On June 6, 2023, New York Senate Bill S5640 / Assembly Bill A5295 (“S5640”) won near-unanimous final passage in the New York Assembly with a 147-1 vote, after being passed unanimously by the Senate the previous week.  If signed into law by Governor Hochul, the legislation would, effective immediately, add to New York labor law a new section 203-f that renders unenforceable provisions in employee agreements that require employees to assign certain inventions developed using the employee’s own property and time. 

As well-settled default rules for patentable inventions (contrary to those for copyrightable works) presumptively deem employee-created inventions the property of the employee, it is critical for innovation-focused businesses to enter into invention assignment agreements with employees to secure ownership of employee-created inventions as they are conceived and first reduced to practice.  Though it is generally beneficial for businesses to include broad invention assignment provisions in these agreements, several states have adopted statutes that deem overly broad assignment provisions to be unenforceable.  S5640, if signed into law, would introduce such limitations into New York labor law.

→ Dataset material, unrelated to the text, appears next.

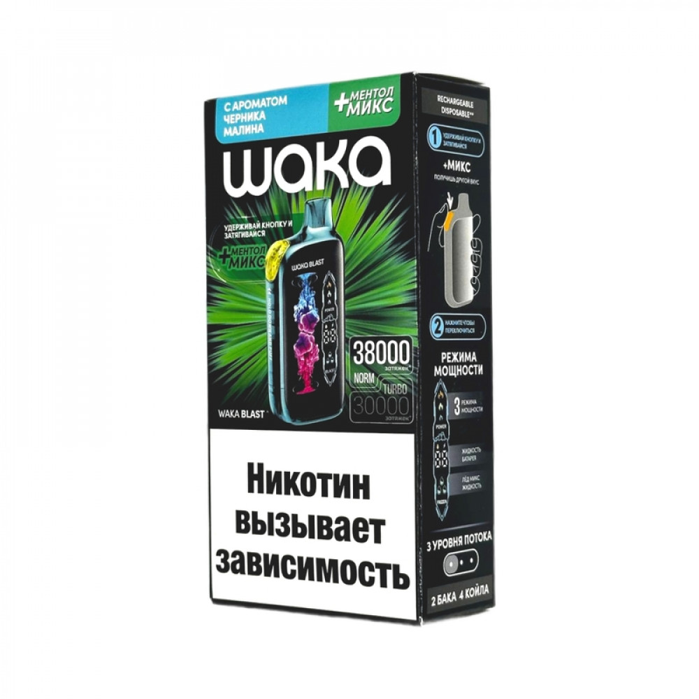 WAKA BLAST 38000 Hard - Черника малина + ментол микс - купить в Сургуте
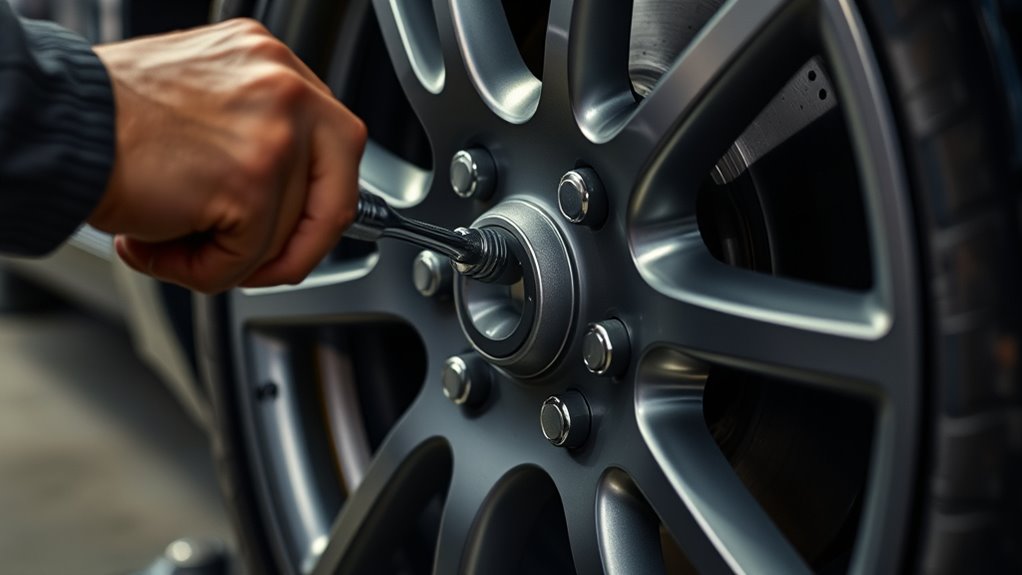 Installing lightweight wheels can improve your vehicle’s performance and handling, but it’s essential to guarantee safety and longevity. One of the critical steps in this process is ensuring your wheels are properly balanced. Tire balancing involves adjusting the weight distribution around the wheel and tire assembly to prevent uneven wear and vibrations. When you install new lightweight wheels, unbalanced tires can cause vibrations that affect steering and comfort. Proper tire balancing guarantees smooth driving, extends tire life, and reduces stress on suspension components. It’s a straightforward process: a technician places small weights on the rim to counteract any heavy spots, ensuring the wheel spins evenly. This step is vital after installing lightweight wheels because their reduced mass can make imbalance more noticeable. Ignoring tire balancing can lead to uneven tread wear, increased fuel consumption, and even premature wheel or suspension damage. Additionally, lightweight wheels often require specific tire mounting techniques to prevent damage during installation. Alongside tire balancing, you should also verify your wheel alignment. Wheel alignment refers to adjusting the angles of your wheels to the manufacturer’s specifications, ensuring they sit correctly in relation to each other and the road. Proper wheel alignment improves handling, steering response, and tire life. When installing lightweight wheels, misalignment can become more apparent because these wheels often have a different weight distribution and size compared to stock options. An improper alignment can cause your vehicle to pull to one side, reduce fuel efficiency, and lead to uneven tire wear. Ensuring your wheels are correctly aligned after installation guarantees excellent handling and safety, especially when upgrading to lighter wheels that might alter your vehicle’s dynamics slightly. When installing lightweight wheels, it’s also crucial to check the lug nuts and torque them correctly. Over-tightening can damage the wheel or studs, while under-tightening risks the wheel coming loose during driving. Always use a torque wrench to tighten lug nuts to the manufacturer’s specified torque setting. Properly torqued lug nuts secure the wheel firmly, preventing vibrations, uneven wear, or dangerous loosening. It’s recommended to tighten lug nuts in a crisscross pattern to ensure even pressure distribution. After tightening, it’s wise to recheck torque after driving a few miles, as heat can cause slight loosening. Combining correct torqueing with proper tire balancing and wheel alignment guarantees your lightweight wheels perform at their best, providing safer handling, better fuel economy, and longer-lasting tires.

S5640 provides statutory protections that are nearly identical to those of its longstanding California state law counterpart (Cal. Lab. Code §2870), as has been the trend with states that have enacted statutes governing employee invention assignment agreements (including Delaware, Illinois, Kansas, Minnesota, New Jersey, North Carolina and Washington)—only Nevada and Utah to date have deviated, in each case flipping presumptive ownership of employee-created inventions to the employer.  Under S5640, employee invention assignment provisions will not apply to any invention that an employee develops:

(i) entirely on his or her own time; and

(ii) without using the employer’s equipment, supplies, facilities, or trade secret information,

except for inventions that:

(a) relate at the time of conception or reduction to practice of the invention to the employer’s business, or actual or demonstrably anticipated research or development of the employer; or

(b) result from any work performed by the employee for the employer. Under S5640, as is the case with Cal. Lab. Code §2870, employee invention assignment provisions that would require the assignment of these excluded inventions are against the public policy of the state and will be unenforceable.

Note that despite the overlap of S5640 and Cal. Lab. Code §2870 (and near-identical legislation in other states), there is meaningful variance among state laws in respect of employee-created inventions.  In the immediate case of S5640, for example, the legislation does not include employer-favorable counterparts of California labor law that (i) explicitly allow employers to require employees to disclose all inventions employees develop during the term of their employment (Cal. Lab. Code §2871) and (ii) place on employees the burden of proving that their inventions are not covered by their employee invention assignment agreements (Cal. Lab. Code §2872).  Given the immediate effect of S5640 if signed into law, while the bill moves to the desk of Governor Hochul, businesses would do well to revisit their existing employee invention assignment agreements (and any template agreements for ongoing use) to ensure that the assignment provisions in each will not be overbroad and be in compliance with, and therefore enforceable under, New York labor law and its new section 203-f upon enshrinement.